> **Exercise directions**
Please copy out every line in the records below that includes the word "keep".

(Data section)

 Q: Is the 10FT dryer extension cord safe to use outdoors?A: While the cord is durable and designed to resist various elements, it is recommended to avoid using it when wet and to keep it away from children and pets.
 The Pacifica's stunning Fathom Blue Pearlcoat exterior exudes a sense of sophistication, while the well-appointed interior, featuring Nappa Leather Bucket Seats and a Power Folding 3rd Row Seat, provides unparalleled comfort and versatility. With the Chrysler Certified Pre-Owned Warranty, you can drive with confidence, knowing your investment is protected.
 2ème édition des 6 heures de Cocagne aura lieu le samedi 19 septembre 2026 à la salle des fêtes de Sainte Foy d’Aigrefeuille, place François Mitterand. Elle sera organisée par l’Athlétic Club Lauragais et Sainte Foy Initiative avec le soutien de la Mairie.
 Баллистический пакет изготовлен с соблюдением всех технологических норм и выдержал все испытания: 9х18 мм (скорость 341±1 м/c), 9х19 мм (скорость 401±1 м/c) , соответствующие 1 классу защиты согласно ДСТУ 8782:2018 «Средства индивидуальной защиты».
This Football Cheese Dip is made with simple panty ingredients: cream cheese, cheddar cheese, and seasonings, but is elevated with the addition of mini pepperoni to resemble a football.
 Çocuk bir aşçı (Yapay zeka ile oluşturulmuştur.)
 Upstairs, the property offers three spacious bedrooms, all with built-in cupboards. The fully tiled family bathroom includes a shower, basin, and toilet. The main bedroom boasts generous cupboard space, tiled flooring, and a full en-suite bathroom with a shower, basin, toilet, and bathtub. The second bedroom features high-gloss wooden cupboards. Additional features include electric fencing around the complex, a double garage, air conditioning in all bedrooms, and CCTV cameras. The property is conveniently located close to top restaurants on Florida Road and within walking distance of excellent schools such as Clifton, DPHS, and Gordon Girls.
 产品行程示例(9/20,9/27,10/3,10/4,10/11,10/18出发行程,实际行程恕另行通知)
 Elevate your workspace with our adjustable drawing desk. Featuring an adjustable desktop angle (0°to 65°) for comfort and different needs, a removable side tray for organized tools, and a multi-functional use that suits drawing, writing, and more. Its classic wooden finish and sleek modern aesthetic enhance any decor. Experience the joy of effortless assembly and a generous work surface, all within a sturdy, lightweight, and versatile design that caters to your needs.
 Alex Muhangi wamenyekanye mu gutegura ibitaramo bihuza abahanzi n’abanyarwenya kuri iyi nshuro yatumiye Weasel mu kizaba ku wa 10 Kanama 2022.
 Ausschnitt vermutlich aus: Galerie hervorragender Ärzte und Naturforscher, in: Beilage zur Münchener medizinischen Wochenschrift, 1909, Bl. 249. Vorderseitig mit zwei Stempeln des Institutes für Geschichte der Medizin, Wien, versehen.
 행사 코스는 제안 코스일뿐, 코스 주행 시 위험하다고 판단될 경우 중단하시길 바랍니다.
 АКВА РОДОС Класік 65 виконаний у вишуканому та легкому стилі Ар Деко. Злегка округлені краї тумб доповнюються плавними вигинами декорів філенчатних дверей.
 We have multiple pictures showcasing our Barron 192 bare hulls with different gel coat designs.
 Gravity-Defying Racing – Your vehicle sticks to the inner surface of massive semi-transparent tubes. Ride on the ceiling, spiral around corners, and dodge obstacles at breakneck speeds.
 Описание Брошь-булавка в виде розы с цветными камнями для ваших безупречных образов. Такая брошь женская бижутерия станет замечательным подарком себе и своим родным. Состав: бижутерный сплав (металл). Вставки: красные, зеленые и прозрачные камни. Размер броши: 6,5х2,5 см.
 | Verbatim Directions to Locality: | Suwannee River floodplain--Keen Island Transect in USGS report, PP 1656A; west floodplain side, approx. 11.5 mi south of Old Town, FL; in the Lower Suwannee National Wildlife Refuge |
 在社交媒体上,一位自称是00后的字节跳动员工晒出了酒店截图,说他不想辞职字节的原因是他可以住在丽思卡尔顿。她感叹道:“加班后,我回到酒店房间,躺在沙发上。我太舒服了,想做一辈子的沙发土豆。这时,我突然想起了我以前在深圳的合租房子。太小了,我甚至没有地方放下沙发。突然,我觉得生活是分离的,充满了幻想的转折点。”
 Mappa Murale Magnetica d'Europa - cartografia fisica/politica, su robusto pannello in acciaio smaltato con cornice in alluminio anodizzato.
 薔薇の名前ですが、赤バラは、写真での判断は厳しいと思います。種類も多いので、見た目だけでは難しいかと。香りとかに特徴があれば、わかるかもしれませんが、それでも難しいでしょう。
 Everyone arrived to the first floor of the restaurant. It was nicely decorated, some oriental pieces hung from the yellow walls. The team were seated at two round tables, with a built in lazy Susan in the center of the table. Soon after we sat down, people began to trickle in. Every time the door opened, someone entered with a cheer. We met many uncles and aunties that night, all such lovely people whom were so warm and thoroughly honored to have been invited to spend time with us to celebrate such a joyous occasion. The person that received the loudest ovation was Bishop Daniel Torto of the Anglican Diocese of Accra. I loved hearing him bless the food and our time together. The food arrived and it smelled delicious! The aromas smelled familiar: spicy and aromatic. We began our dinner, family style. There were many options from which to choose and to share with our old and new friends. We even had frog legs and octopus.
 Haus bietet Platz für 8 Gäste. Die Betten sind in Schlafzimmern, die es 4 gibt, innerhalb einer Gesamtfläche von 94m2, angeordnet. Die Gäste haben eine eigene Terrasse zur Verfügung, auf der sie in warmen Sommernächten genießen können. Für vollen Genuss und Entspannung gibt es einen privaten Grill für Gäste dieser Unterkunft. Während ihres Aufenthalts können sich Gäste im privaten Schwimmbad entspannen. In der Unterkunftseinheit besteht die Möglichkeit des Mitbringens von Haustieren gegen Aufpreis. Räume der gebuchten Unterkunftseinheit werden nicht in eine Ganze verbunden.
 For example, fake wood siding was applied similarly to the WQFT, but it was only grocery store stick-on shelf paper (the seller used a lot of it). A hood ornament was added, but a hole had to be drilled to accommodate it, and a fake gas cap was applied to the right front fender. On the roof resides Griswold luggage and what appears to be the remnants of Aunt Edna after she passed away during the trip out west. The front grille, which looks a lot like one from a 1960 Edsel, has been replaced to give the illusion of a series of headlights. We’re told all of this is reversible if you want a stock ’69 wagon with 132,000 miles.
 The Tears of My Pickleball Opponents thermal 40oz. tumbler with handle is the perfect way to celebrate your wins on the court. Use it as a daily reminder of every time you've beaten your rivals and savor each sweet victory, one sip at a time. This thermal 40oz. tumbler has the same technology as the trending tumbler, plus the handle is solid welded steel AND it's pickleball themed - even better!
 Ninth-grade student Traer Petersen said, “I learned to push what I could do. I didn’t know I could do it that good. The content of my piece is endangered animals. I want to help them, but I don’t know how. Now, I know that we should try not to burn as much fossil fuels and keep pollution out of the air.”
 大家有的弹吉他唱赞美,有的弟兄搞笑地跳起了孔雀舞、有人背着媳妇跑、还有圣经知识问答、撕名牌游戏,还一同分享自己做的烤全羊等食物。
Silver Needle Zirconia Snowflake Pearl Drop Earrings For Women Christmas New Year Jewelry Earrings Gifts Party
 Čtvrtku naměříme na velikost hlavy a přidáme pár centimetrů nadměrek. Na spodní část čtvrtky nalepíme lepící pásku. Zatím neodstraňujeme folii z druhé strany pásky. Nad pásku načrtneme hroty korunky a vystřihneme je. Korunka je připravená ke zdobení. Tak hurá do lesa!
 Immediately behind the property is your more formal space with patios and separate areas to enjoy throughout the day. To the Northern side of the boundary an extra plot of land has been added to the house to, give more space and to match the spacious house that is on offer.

(End Data section)

> **Finished task**
 Q: Is the 10FT dryer extension cord safe to use outdoors?A: While the cord is durable and designed to resist various elements, it is recommended to avoid using it when wet and to keep it away from children and pets.
 Ninth-grade student Traer Petersen said, “I learned to push what I could do. I didn’t know I could do it that good. The content of my piece is endangered animals. I want to help them, but I don’t know how. Now, I know that we should try not to burn as much fossil fuels and keep pollution out of the air.”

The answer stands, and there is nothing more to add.